Your output should be the lines below from the one with "4. Enter your" through the one with "圖為參加紀(jì)念昌都戰(zhàn)役主題展覽開展儀式的嘉賓合影", copied exactly, pictures excluded.

### Record set:
----

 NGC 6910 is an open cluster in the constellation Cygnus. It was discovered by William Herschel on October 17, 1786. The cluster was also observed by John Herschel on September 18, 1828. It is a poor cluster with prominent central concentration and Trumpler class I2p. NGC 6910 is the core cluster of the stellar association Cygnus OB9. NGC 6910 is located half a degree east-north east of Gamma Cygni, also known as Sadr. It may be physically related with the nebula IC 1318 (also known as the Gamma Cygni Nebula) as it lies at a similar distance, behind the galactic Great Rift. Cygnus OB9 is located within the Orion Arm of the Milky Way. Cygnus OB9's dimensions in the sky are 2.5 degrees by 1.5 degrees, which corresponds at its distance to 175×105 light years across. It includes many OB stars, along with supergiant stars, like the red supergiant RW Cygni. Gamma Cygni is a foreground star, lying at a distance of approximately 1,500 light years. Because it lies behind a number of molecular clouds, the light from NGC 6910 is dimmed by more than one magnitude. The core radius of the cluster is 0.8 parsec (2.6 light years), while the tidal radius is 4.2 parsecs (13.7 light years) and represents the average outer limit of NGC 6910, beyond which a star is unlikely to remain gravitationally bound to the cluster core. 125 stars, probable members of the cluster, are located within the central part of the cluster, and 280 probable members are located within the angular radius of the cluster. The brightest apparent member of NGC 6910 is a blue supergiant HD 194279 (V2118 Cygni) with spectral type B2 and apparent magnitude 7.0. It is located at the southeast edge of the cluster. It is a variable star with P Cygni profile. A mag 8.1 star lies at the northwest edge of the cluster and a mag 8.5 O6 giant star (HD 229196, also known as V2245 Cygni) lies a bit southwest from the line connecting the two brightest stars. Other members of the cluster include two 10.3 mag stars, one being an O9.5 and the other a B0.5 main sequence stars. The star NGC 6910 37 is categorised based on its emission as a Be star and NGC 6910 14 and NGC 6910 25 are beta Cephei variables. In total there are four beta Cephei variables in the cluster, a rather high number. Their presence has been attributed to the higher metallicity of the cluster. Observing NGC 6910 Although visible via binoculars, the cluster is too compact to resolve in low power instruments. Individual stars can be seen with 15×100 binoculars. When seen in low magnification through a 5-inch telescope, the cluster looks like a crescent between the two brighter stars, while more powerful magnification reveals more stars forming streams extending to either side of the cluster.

----

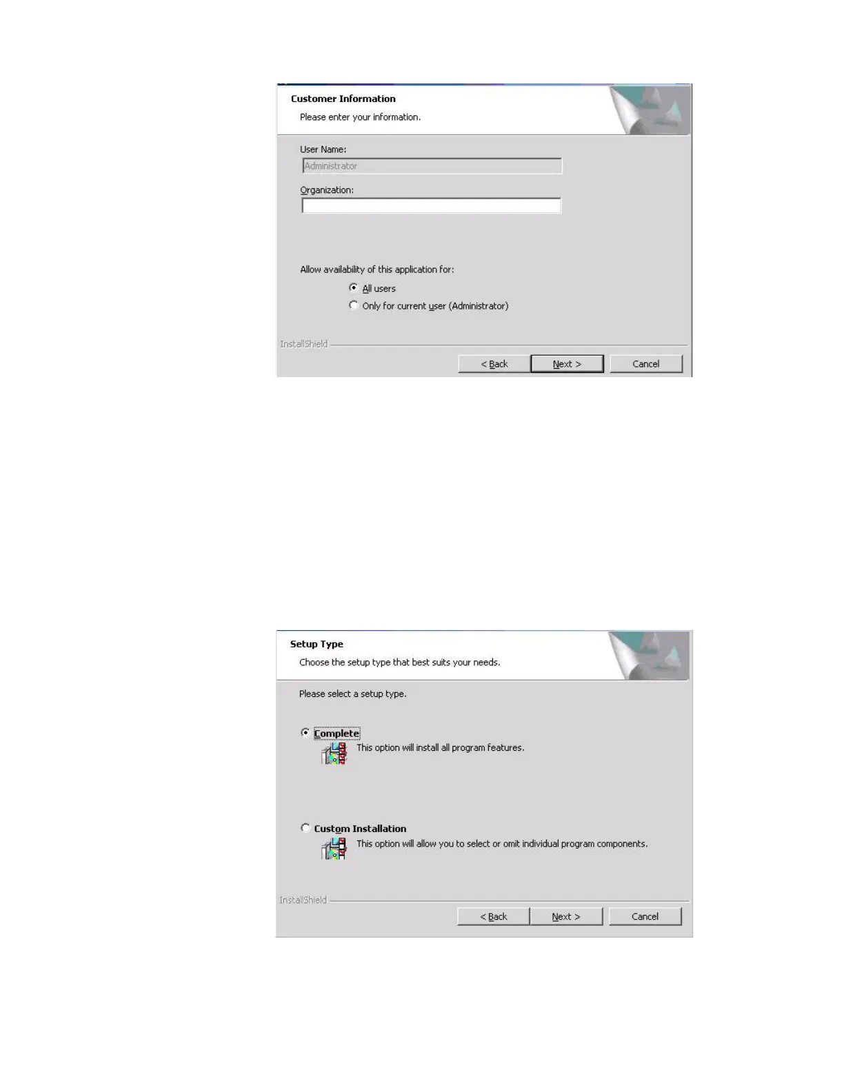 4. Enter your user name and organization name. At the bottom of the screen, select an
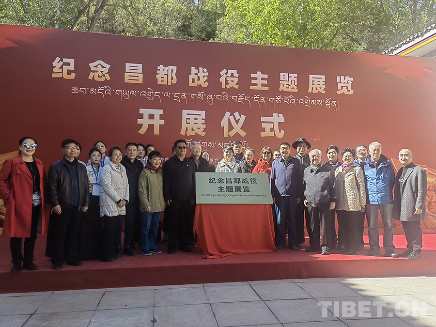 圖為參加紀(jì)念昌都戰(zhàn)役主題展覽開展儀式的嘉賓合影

----

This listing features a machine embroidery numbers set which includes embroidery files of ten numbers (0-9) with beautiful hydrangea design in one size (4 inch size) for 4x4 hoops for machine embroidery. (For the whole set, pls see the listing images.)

----

### Task result:
 4. Enter your user name and organization name. At the bottom of the screen, select an
 圖為參加紀(jì)念昌都戰(zhàn)役主題展覽開展儀式的嘉賓合影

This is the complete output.